De l’aveu même de son ministre des Affaires étrangères Ahmed Attaf, l’Algérie a failli voter en faveur de la résolution 2797 du Conseil de sécurité consacrant le plan d’autonomie marocain comme solution politique «réaliste et crédible» au différend du Sahara.
En somme, le siège qu’Alger présentait comme un levier d’influence est devenu le symbole de son échec, tandis que Rabat signe l’un de ses plus grands succès diplomatiques au sein de l’ONU depuis le début du conflit.
La voie pour un retour sur la scène internationale
Acculée sur le plan géopolitique avec des relations tendues vis-à-vis de son entourage direct, notamment le Maroc et les pays du Sahel, l’Algérie se voit contrainte de répondre favorablement cette fois à l’énième main tendue du Roi Mohammed VI.
Dans ce sillage, le ministre des Affaires étrangères Nasser Bourita a déclaré sur 2M que « la résolution adoptée n’a été rejetée par aucun pays », soulignant par ricochet que l’Algérie ne s’y est pas opposée. Il a ajouté que le Maroc ne perçoit pas la position algérienne comme un obstacle à un éventuel rapprochement: « Si la volonté politique existe, il est toujours possible d’ouvrir une nouvelle page entre les deux pays. Personne ne connaît mieux l’Algérie que le Maroc, et personne ne connaît mieux le Maroc que l’Algérie. »
Une avancée diplomatique plutôt qu’une “victoire humiliante”

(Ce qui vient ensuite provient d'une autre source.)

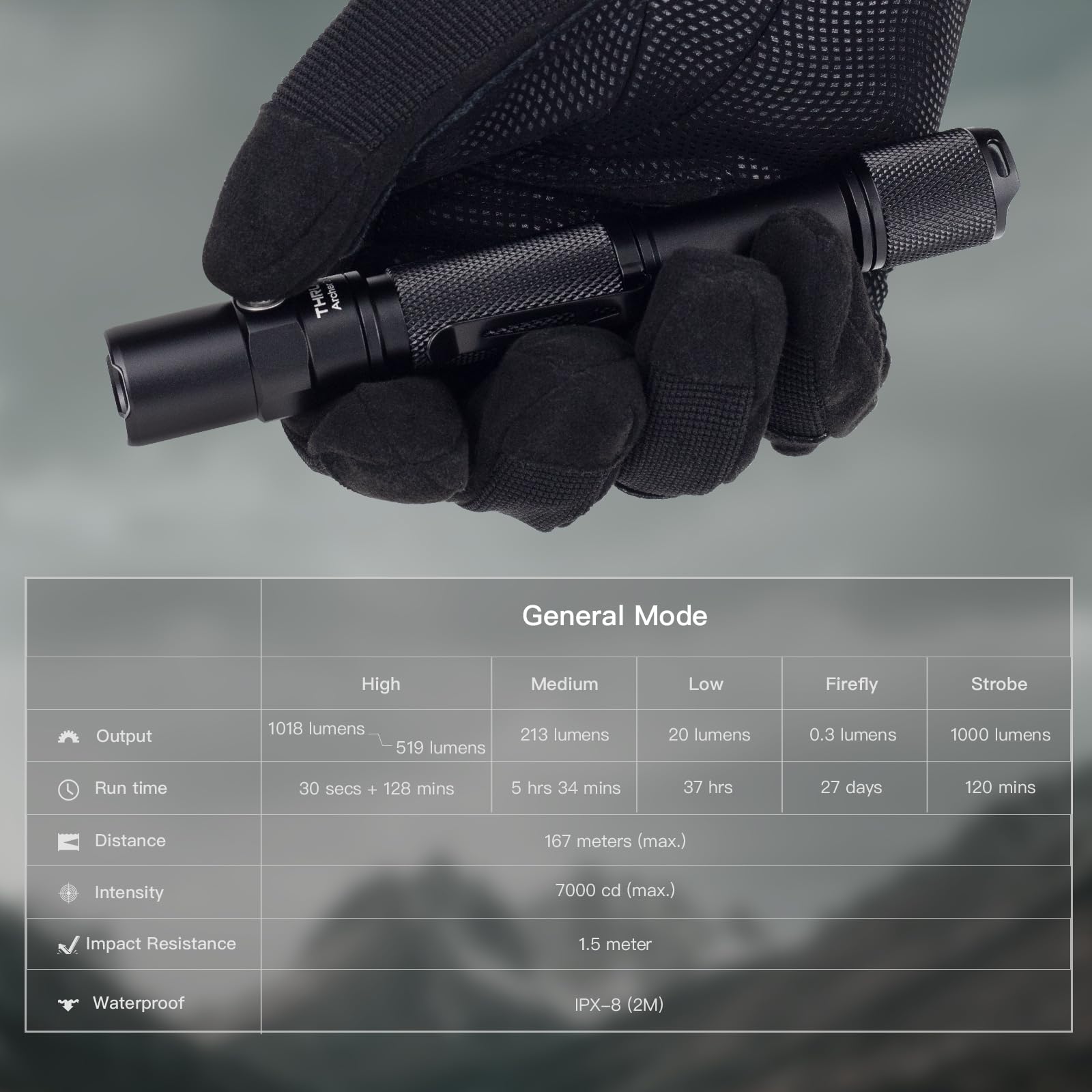 TC15 V3 - Powerful Illumination: The TC15 V3, powered by a CREE XHP 35.2 LED, produces an Extreme Output of up to 2403 high lumens, making it one of the brightest rechargeable flashlights of ThruNite. It reaches a beam distance of 731 ft (223 m).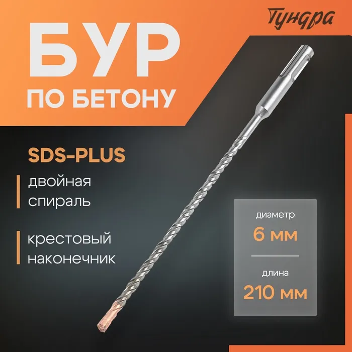 Бур ТУНДРА предназначен для работ с перфоратором с системой крепления SDS-plus.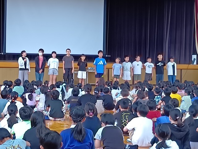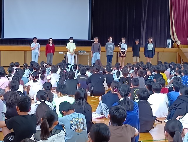今日は体育館で児童朝礼がありました。生活委員会からのアピールに続いて、後期の各委員会の委員長と、児童会役員の認証がありました。みんな、住道南小学校がより良い学校になるよう、頑張ってくれそうです。頼みましたよ!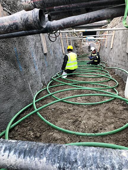 Zum Energiekonzept gehört auch ein Ringgrabenkollektor unter den Geleisen, der auf einer Länge von rund 40 Metern in zwei Metern Tiefe verlegt ist. 80 Prozent der Heizenergie wird so generiert, im Sommer dient er der passiven Kühlung. In Österreich seien Ringgrabenkollektoren weit verbreitet, in der Schweiz dagegen bisher weitgehend unbekannt.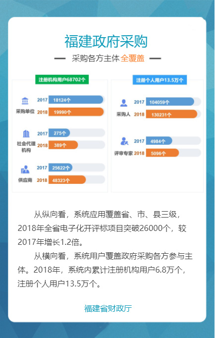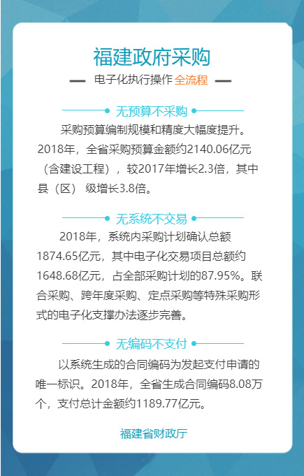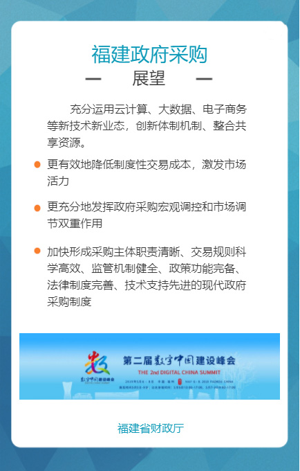 “福建省政府采购网上公开信息系统”是针对政府采购活动中存在的采购效率低、价格高、采购期长,以及各种不规范问题而组织建设的,通过充分运用云计算、大数据、电子商务等新技术新业态,创新体制机制,整合共享资源,管理创新获得国务院领导肯定。

Afin de laisser une porte de sortie «digne» à ses adversaires, Bourita a déclaré que le Maroc ne perçoit pas la dernière résolution du Conseil de sécurité de l’ONU sur le Sahara comme une “victoire humiliante” pour eux, mais plutôt comme une avancée diplomatique qui doit ouvrir la voie à un règlement équilibré et durable.
Il a insisté sur la nécessité d’un dialogue franc et direct avec Alger, tout en refusant toute lecture triomphaliste : «Le Maroc ne voit pas dans cette résolution une victoire qui rabaisse l’autre partie. Le Conseil de sécurité a reconnu la justesse de la position du Royaume, mais nous la recevons avec un sens de responsabilité et dans l’esprit d’une solution sans vainqueur ni vaincu, préservant la dignité de tous.»
Un appel à la raison
Selon le chef de la diplomatie, la réconciliation –si volonté politique il y a– n’est plus un choix, mais une exigence géopolitique, compte tenu des mutations régionales et des appels répétés à la stabilité maghrébine.
Dans le même esprit, Massad Boulos, conseiller principal du président américain Donald Trump pour l’Afrique et le Moyen-Orient, a souligné sur France 24 que le Maroc et l’Algérie disposent aujourd’hui d’une « opportunité historique » pour rétablir la confiance et ouvrir une nouvelle ère de coopération bilatérale.